Es sei gelungen, die Migration zu ordnen, zu steuern und den Zustrom zu begrenzen, versicherte de Maizière. Unzufrieden ist er allerdings mit der europäischen Flüchtlingspolitik. „Im Moment ist es so, dass letztlich die Entscheidung darüber, wer nach Europa kommt, nicht die EU trifft. Sie wird faktisch durch kriminelle Schleuser getroffen“, beklagte er. De Maizière: „Das ist die inhumanste Auswahlentscheidung.“

Der Minister mahnte einheitliche Maßstäbe an. Aufnahmeverfahren, Sozialleistungen und Anerkennungsquoten würden sich in Europa „sehr unterscheiden“. Die EU strebt eine einheitliche Außenpolitik an, trotzdem beurteilt jeder Staat die Menschenrechtslage in Ländern wie Eritrea, Somalia, Pakistan oder Afghanistan anders. Die Folge: Die Asylbewerber ziehen dahin, wo sie sich die besten Anerkennungschancen und das meiste Geld ausrechnen. Da entstehe ein Sogeffekt, so de Maizière. „Das kann nicht vernünftig sein.“

Insgesamt wurden im vergangenen Jahr 745.545 Asylanträge gestellt – großteils von Menschen, die bereits 2015 eingereist waren. Etwa 55.000 Migranten verließen das Land freiwillig, 25.000 Menschen seien abgeschoben worden. Mehr als jemals zuvor. „Dennoch ist die Zahl zu niedrig“, sagte de Maizière. Nach einer Studie der Unternehmensberatung McKinsey dürfte die Zahl der ausreisepflichtigen Ausländer bis Ende 2017 auf etwa 485.000 steigen. Ein Grund dafür ist, dass beim Bundesamt für Migration und Flüchtlinge (BAMF) noch 430.000 Altanträge vorliegen, über die in den nächsten Wochen entschieden werden soll – es ist die Schlussbilanz von BAMF-Chef Frank-Jürgen Weise. Er wird von Jutta Cordt abgelöst.
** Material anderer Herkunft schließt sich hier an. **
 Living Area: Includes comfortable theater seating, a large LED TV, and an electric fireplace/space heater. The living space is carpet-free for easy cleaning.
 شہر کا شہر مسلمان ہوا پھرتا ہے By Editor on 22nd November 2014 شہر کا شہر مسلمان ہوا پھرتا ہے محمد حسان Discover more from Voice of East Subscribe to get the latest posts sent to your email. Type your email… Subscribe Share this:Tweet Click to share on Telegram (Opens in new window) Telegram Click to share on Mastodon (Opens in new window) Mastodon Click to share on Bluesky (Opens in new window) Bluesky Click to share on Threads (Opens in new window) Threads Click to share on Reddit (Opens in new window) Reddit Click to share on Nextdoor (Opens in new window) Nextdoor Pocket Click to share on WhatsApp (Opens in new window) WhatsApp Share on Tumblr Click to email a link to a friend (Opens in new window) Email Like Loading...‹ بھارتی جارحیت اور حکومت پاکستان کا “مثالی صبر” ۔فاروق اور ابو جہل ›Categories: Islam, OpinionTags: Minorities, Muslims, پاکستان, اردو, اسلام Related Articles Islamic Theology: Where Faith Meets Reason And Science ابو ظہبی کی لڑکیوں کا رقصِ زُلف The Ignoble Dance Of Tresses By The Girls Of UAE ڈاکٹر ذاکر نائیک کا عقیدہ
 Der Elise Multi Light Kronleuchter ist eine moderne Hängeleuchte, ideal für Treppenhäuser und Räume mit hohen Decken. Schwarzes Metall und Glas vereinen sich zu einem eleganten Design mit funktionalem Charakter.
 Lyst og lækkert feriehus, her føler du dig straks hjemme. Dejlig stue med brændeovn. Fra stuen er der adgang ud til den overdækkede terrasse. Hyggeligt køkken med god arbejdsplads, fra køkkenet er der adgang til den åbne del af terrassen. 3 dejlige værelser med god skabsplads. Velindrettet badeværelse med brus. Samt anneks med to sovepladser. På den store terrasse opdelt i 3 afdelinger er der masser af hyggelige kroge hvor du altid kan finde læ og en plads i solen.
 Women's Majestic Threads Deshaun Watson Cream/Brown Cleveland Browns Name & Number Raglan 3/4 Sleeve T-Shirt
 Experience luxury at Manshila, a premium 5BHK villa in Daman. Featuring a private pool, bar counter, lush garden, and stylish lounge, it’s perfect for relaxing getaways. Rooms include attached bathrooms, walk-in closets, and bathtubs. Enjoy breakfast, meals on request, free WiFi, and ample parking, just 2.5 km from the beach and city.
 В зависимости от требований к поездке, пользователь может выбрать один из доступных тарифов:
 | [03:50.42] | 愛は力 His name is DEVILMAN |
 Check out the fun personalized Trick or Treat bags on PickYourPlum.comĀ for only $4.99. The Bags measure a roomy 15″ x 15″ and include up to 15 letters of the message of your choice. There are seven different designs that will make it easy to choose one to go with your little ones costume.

Nach seinen Angaben hat das BAMF im vergangenen Jahr 695.733 Asylentscheidungen getroffen. Die Wartezeiten seien gesunken. Neuankömmlinge könnten inzwischen nach einem halben Monat den Antrag stellen, die Bearbeitungsdauer betrage im Schnitt zwei Monate, oft auch weniger. Nach Weises Darstellung sind alle Asylbewerber registriert und identifiziert. „Es kann keine Doppelidentitäten geben.“ Es gibt allerdings weiter Menschen, die noch kein Asyl beantragt haben. Das gilt insbesondere für unbegleitete minderjährige Flüchtlinge.